Failing to seize opportunities. And this was because I didn’t think I could get them. Today, I am the “class mother” doing a PhD, and some of my lecturers were way behind me in school. What took me so long? I was too scared and lost time over-analysing things instead of just doing them. Looking back, my decision to skip medicine because of physics was misguided. I now know that if I had put my mind to it and believed in myself, I would have made a great medical doctor.
I am learning to get rid of all the emotional baggage that I have been carrying for years.
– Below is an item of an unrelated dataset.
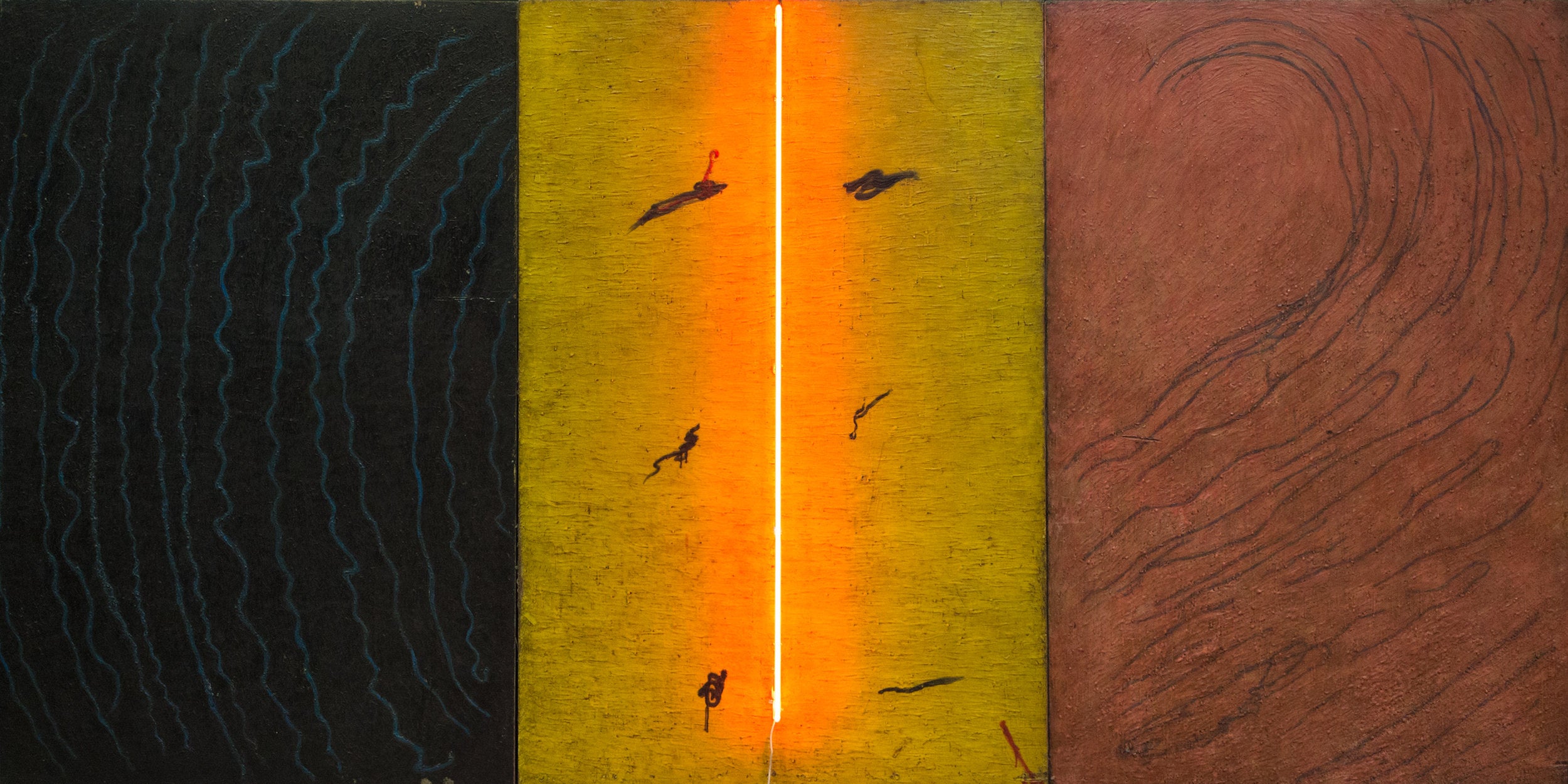 In Jet’s case, these serial exercises initially served as a form of visual diary, wherein he could unload and wrestle with the thoughts of the day. As they accumulated they acquired an impetus of their own, becoming an outlet for further experiments with surface, color, texture, objects, materials, and processes, such as encaustic, which was hardly done at that time. The use of hot wax in the encaustic process can already be seen as an interesting allegorical amber that entraps painting itself. In Poppy Field (1995), he assembled a large triptych of black, yellow and dark pink encaustic panels incised by a slightly quivering red neon light originally patterned after a hand drawn line. The painting was based on drawings using ballpen, crayons and oil pastel on ordinary colored paper. Part of the Measure and Metaphor exhibition curated by Chabet at The Art Center in SM Megamall, the painting is named after his psychedelic punk band and can be likened to a hallucinogenic landscape, with its rippling, impressionistic marks that expand and tremble across the surface of the three panels.

Some people call me an introvert, and some call me an extrovert, but I would love to be seen in the same way by everybody. I want to be authentic. And I deserve everything that I want.
So, are you an introvert or an extrovert?
I think I’m a mixture– an ambivert. It depends on the situation. When I was younger, I was an extrovert; people used to call me a parrot because I talked all the time. But at some point in life, after my first degree, I became more withdrawn. I think I was protecting myself from getting hurt. Today, I am learning to live life on my terms.
This interview is part of a series profiling the stories of the 2021 WE Africa leadership programme fellows, African women in the environmental conservation sector who are showing up with a strong back, soft front, and wild heart.